Living on a Wage.

Many staff had a pay rise on 1 April 2019 when the various rates of the national minimum wage (“NMW”) increased, including the national living wage to £8.21 per hour. However, there are exceptions and complications which mean that many employers still get it wrong, ending up on the wrong end of HMRC or employment tribunal claims (with the consequential adverse publicity).

Back in February 2019, the British Retail Consortium expressed their concern that many retailers were being unfairly targeted by HMRC for “technical breaches” of NMW legislation where the errors arise from inadvertent mistakes rather than a deliberate attempt to avoid paying staff what they were due. Recently, a number of employers have been caught out when implementing voluntary salary sacrifice schemes which have brought staff wages below the NMW. Now HMRC has come out fighting, saying that the rules are clear and it will continue to take enforcement action where necessary.

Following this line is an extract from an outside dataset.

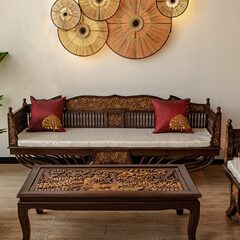 中式泰实木罗汉床古典柚木东南亚风格家具客厅沙发床异丽雕式仿古
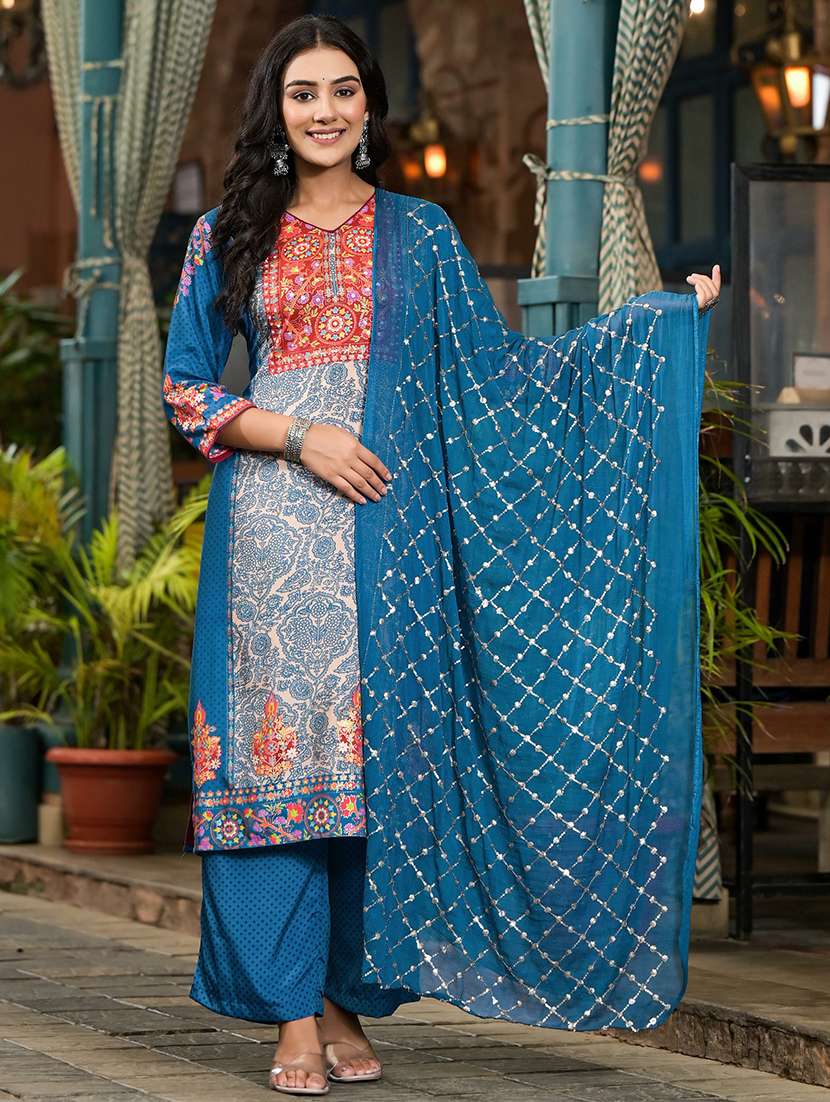 - Find gorgeous sets of ethnic wears in trending designs in blue colors suitable for festive wear of occasions.

In the meantime, the EAT considered (yet again) a case where the Tribunal had to decide whether time spent on call would amount to “time work” for NMW purposes, such that the relevant staff would be entitled to receive the NMW for all hours spent on call. And the answer – it depends.

In Frudd v The Partington Group Ltd, the staff on a caravan site were on call from the end of their normal shift until 8am the following morning. Until 10pm, they might be required to greet late arrivals and show guests around the site. For this time, they were entitled to receive the NMW. However, after 10pm, they would only be required to work in the event of emergency (for which they would be paid) and were not entitled to receive the NMW for merely being available to work. The Tribunal had failed to give reasons for its finding in respect of the period 7am to 8am when the emergency call out payment no longer applied and the case was remitted by the EAT on this point.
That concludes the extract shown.